Authors: Karishma1 (AUTHOR) maths.karishma97@gmail.com, Kumar, Harendra1 (AUTHOR) balyan.kumar@gmail.com
Source: Soft Computing - A Fusion of Foundations, Methodologies & Applications. Apr2025, Vol. 29 Issue 7, p3469-3508. 40p.
Subjects: Computational mathematics, Fast Fourier transforms, Gaussian elimination, Artificial intelligence, Energy consumption, Heterogeneous computing, Metaheuristic algorithms
Abstract: This article addresses the critical challenge of energy-efficient task scheduling in heterogeneous computing systems, which are known for their superior performance and complexity management across diverse applications. The research proposes two novel task scheduling algorithms based on the metaheuristic grey wolf optimization technique to optimize energy consumption while minimizing computational time for parallel applications. In the first algorithm, the primary objective is to mitigate static energy consumption while simultaneously enhancing computational efficiency. This is achieved by grouping the most energy-efficient tasks into clusters. While the second algorithm employs a refined approach to minimize dynamic energy consumption.
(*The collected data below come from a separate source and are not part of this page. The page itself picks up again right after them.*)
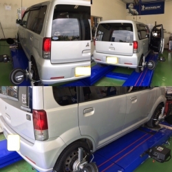 ご予約のフリードスパイクのお客様にタイヤ交換とホイールアライメント
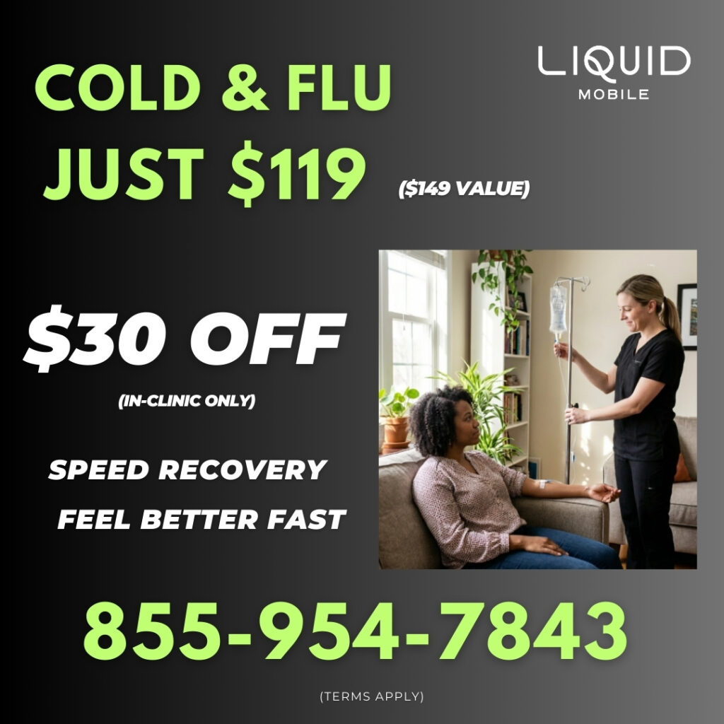 Runny nose, cough, sore throat, body aches or just feel a cold coming on? Liquid IV hydration can be one of the fastest ways to bounce back from the effects and symptoms of a cold and flu. Cold & Flu IV Hydration helps to fight against infection, improve healing time, strengthen immune system and reduces duration of illness.
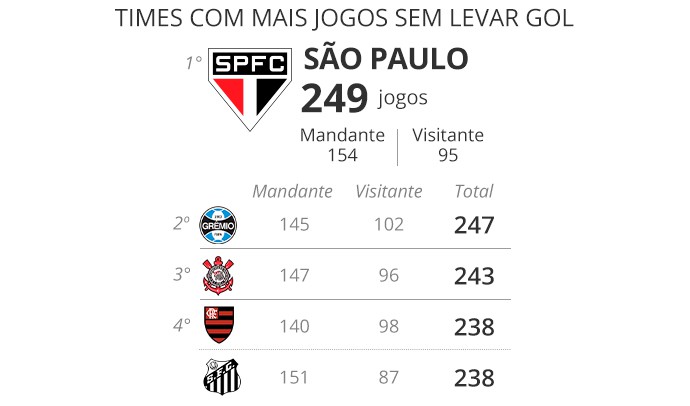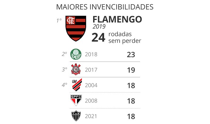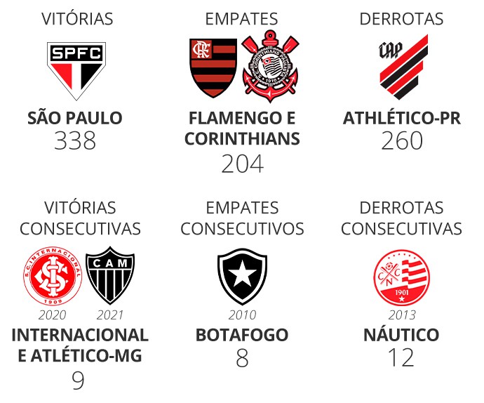 Internacional e Atlético-MG dividem o recorde de vitórias consecutivas; o Náutico foi o time que mais perdeu jogos em seguida… Maior sequência de jogos sem vencer? Chapecoense. Mais jogos sem sofrer gol? São Paulo. Time com mais gols marcados? Santos. Veja abaixo qual foi a marca obtida em cada um desses recordes e quais foram os times que mais se aproximaram de quem deixou seu nome marcado na história. É possível superá-los? Veja a diferença entre os principais destaques.

This involves the utilization of a dynamic voltage and frequency scaling-enabled grey wolf optimization model, meticulously crafted for the allocation of these task clusters onto the most suitable processors. The proposed algorithms are rigorously evaluated using real-world applications, including fast Fourier transform, Gaussian elimination, and randomly generated parallel applications. The experimental findings affirm that the proposed approach consistently improves performance across various metrics, including energy consumption, degree of imbalance, resource utilization, sensitivity analysis and task assignment computation time. Specifically, it significantly reduces computational time, achieving a reduction of 30–47% for fast Fourier transform applications and 44–48% for Gaussian elimination applications compared to existing algorithms. Additionally, it improves resource utilization, with enhancements ranging from 12.28 to 45.99% when compared to a variety of existing algorithms. To further validate the effectiveness of the proposed approach, it is applied to 10 real-world optimization problems. The performance is benchmarked against three state-of-the-art algorithms from the 'CEC2020 Competition': SASS, sCMAgES, and COLSHADE. This comprehensive evaluation framework provides a robust assessment of the algorithms' efficacy. [ABSTRACT FROM AUTHOR]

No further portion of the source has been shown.